Exercise prompt
Please copy each line of the records below that holds the word "with".

Collected data entries
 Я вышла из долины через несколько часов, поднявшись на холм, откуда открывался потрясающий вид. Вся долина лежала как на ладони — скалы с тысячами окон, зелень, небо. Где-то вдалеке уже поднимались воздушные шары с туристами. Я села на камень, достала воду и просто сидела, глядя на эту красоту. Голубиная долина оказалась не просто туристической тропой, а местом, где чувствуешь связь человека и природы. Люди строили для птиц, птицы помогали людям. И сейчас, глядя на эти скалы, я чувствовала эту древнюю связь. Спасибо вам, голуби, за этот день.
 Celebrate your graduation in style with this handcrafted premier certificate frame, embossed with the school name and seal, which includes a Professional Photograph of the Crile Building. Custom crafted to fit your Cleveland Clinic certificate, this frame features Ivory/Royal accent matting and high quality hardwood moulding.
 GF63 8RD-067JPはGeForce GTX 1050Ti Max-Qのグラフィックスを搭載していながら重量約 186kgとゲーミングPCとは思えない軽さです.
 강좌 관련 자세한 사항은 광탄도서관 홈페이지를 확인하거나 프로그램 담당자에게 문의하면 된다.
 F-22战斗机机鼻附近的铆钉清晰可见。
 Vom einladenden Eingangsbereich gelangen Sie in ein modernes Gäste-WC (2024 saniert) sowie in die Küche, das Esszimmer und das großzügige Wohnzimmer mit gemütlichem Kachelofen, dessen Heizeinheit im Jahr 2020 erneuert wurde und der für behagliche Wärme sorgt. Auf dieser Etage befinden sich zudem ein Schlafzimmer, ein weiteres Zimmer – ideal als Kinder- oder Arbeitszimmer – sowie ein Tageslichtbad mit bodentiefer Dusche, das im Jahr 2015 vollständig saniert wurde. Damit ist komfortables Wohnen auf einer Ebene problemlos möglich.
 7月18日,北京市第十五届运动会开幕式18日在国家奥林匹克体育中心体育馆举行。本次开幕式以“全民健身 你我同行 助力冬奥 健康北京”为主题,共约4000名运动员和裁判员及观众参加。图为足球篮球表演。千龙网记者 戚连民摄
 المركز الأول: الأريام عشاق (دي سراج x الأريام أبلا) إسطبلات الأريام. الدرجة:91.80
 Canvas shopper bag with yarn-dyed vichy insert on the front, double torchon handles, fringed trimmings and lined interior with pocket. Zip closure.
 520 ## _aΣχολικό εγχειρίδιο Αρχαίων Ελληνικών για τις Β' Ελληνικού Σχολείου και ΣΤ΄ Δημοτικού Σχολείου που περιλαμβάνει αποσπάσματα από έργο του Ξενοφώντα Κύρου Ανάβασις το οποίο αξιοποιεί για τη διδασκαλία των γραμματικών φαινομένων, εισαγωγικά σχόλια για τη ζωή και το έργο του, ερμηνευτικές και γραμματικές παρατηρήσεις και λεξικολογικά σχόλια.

Answer for the task
 Celebrate your graduation in style with this handcrafted premier certificate frame, embossed with the school name and seal, which includes a Professional Photograph of the Crile Building. Custom crafted to fit your Cleveland Clinic certificate, this frame features Ivory/Royal accent matting and high quality hardwood moulding.
 Canvas shopper bag with yarn-dyed vichy insert on the front, double torchon handles, fringed trimmings and lined interior with pocket. Zip closure.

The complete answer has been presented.